A strange phenomenon has gripped our country. Religious fanatics will build a temple on any plot of common land. Instead of a school, a clinic, or a much-needed park, the village will have its umpteenth “holy” site. (We had no Dashain swing in our village because a temple complex now stands on the only empty meadow we possessed.) To earn merit, sponsors will buy a public address system so that the entire village can know the priest is having his “quiet” devotion. His children will help with Hindi devotionals or Bollywood hits. At night, when people want to go to bed, urchins grabbing the microphone have a rock contest and belch out any lewd song. Never mind that students and the sick may prefer silence.



This Dashain, I realized afresh that culturally we’d become an Indian colony even before 1816 Sugauli Treaty that made us half-sovereign. Didn’t the South Indian Sankaracharya come to our country around 788 AD, destroy Buddhist monuments and literature, demand that South Indian priests rule over Pashupati and force his will on the incumbent king? Didn’t Prithvi Narayan Shah go to Benares for pilgrimage as well as amassing arms for his battles? Didn’t Rana Bahadur Shah and Rajendra Bikram use the same Indian holy city to “retire” and then “regain” their lost power. Haven’t many of our political leaders gotten academic degrees from there or Patna? Don’t some of our pundits and politicians blindly follow the Bharatiya Janata Party based on the Indian Rashtriya Swayamsevak Sangh (RSS) that proudly imitates Hitler’s Nazism and Benito Mussolini’s fascism (as Arundhati Roy’s confirms in her book Listening to Grasshoppers)?

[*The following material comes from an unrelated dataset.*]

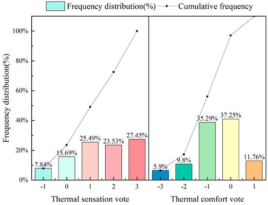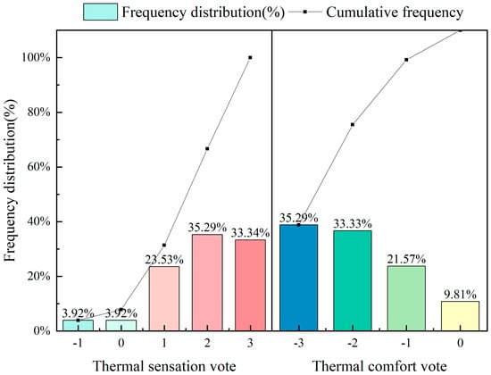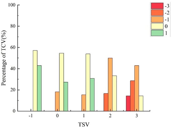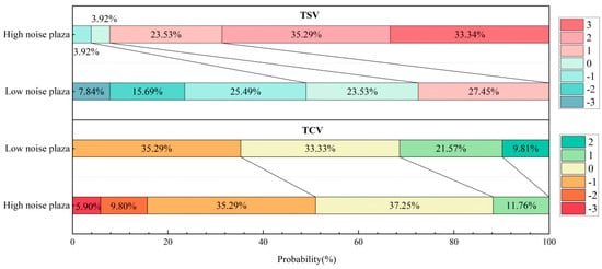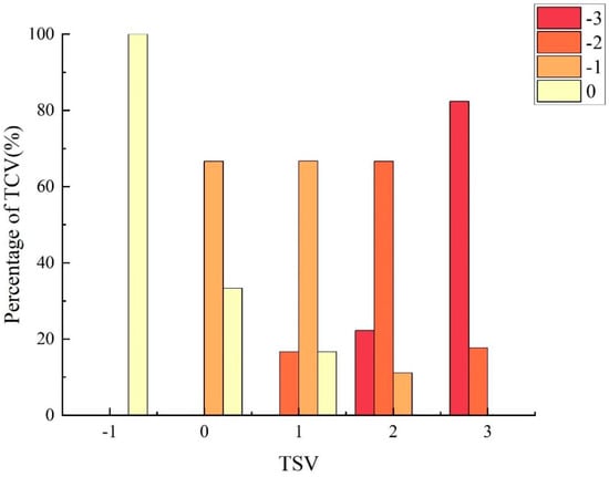 - TCV for HP ranged from −3 to 0, with the bulk, 90%, concentrated at a TCV of −2, of which 35.29% accounted for a TCV of −3. In contrast, the TCV distribution for LP spanned from −3 to 1, predominantly at 0, representing 37.25% of the votes. Unlike HP, LP conditions were perceived as slightly comfortable by 11.76% of participants, underscoring that high-decibel noise exacerbates thermal discomfort perceptions.

In vain, Maoists protest against South Indian priests officiating at Pashupati when they ignore the imported Bihari loudspeaker culture at the same site. Our ministers go to inaugurate such functions and forget that residents nearby will have to put up with noise pollution for the next week. Whenever anti-Delhi nationalism erupts next, our super patriots should meditate on the cultural Indian colony we really are. After all, Dashain too bases itself on Indian mythology.



Reminding us of the dilemma, a Nepali singer croons over the radio, “Is it Dashain or dasha that consumes my head?” Surely, the latter.